‘Renaissance Man’. Few people match the headline. Steve Kilbey personifies it. Kilbey first came into the public consciousness with his band The Church, who formed in 1980. The Church are currently on tour in America with the Psychedelic Furs. Their most recent album Further Deeper drew widespread acclaim. Kilbey is noted for his poetry and his painting. In some way, every day, Kilbey is creating.
His latest release is a collaboration with Irishman Frank Kearns, The Speed Of The Stars. The album, up there with Kilbey’s finest, has been a long time coming. Chatting to Sean Sennett, Kilbey explains the process behind the recording of The Speed Of The Stars and how the collaboration came into being.
The record with Frank was obviously a long time coming. How did you guys first meet each other?
The Church and his band Cactus World News were double booked at a gig in Connecticut somewhere.
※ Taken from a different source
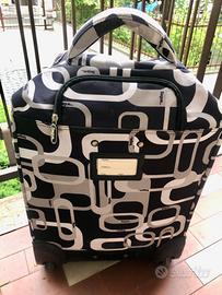Valigia trolley bagaglio a mano. Capiente e robusta. Scocca protettiva in tessuto, impermeabile e antigraffio. Interno completamente foderato con divisorio, imballaggio con cinghie e scomparti interni con chiusure zip per tenere gli oggetti al loro posto. Cerniere solide e resistenti, manico telescopico in alluminio per effettuare le manovre in tutta comodita, maniglie corte saldamente fissate e chiusura di sicurezza zip. 2 ruote per manovrabilita e maniglia a scomparsa. Usata poche volte. Misure altezza : cm 50; larghezza: cm 38; lo spessore dipende da quanto viene riempita

There was a lot of frosty silence between us. We didn’t really talk or communicate. They looked at us, I think because we were better looking or something, and we looked at them because they were renowned to be this hard-hitting political band.
We rubbed shoulders very uneasily. Then nothing. I was very surprised that at a gig in London maybe six or seven years later this guy popped up and went, “Steve, it’s Frank from Cactus World News.” “Oh, Hi Frank.” And we got talking. He said, “Come and visit me,” and I went and visited him. We really got on like a house on fire. He said, “Let’s make an album together,” and I said, “All right.” Then when I went back to do the album, of course, I was a heroin addict again.
We’re talking ’90s, right?
We met in the mid-nineties and he sort popped up at gigs. I found myself getting on really well with him. Seeing him in Cactus World News with the way he was dressed up, he seemed like some really hard-core Irish political extreme leftie or whatever the fucking political thing was. But he wasn’t like that at all. He was very much into Celtic mythology that I had read when I was a kid. We drove around Ireland visiting Druidic sites, strange places. We had a couple of days driving around Ireland. We hit it off really well.
He had this recording studio and he said, “Come back and make an album.” But by the time I got back there I had jumped back onto heroin, I had a brief respite when I first went to Ireland. When I turned up I was on the gear. I was booked in for three weeks. The first week I was all right. Then I was really sick, and then I just came back on board right at the end.
Then the trouble was we had this music we’d recorded that I had been so violently ill that the music reminded me of it. It took me a long time to even be able to listen to it again. It reminded me of how fucking bad I felt when I cold-turkeying off a huge heroin habit in Dublin.
Then Frank started saying, “Let’s do it. Let’s do it.” Eventually he came back out to Australia and we started writing music again. I think this was over three or four visits, we started doing the vocals. Then he booked into Rankin Street Studios in Botany and it’s got this amazing guy who works there, Ted Howard. Started putting his own backing vocals, doing extra overdubs, and started mixing the track. It’s been a long, slow, gradual process. Only completed in about March of this year.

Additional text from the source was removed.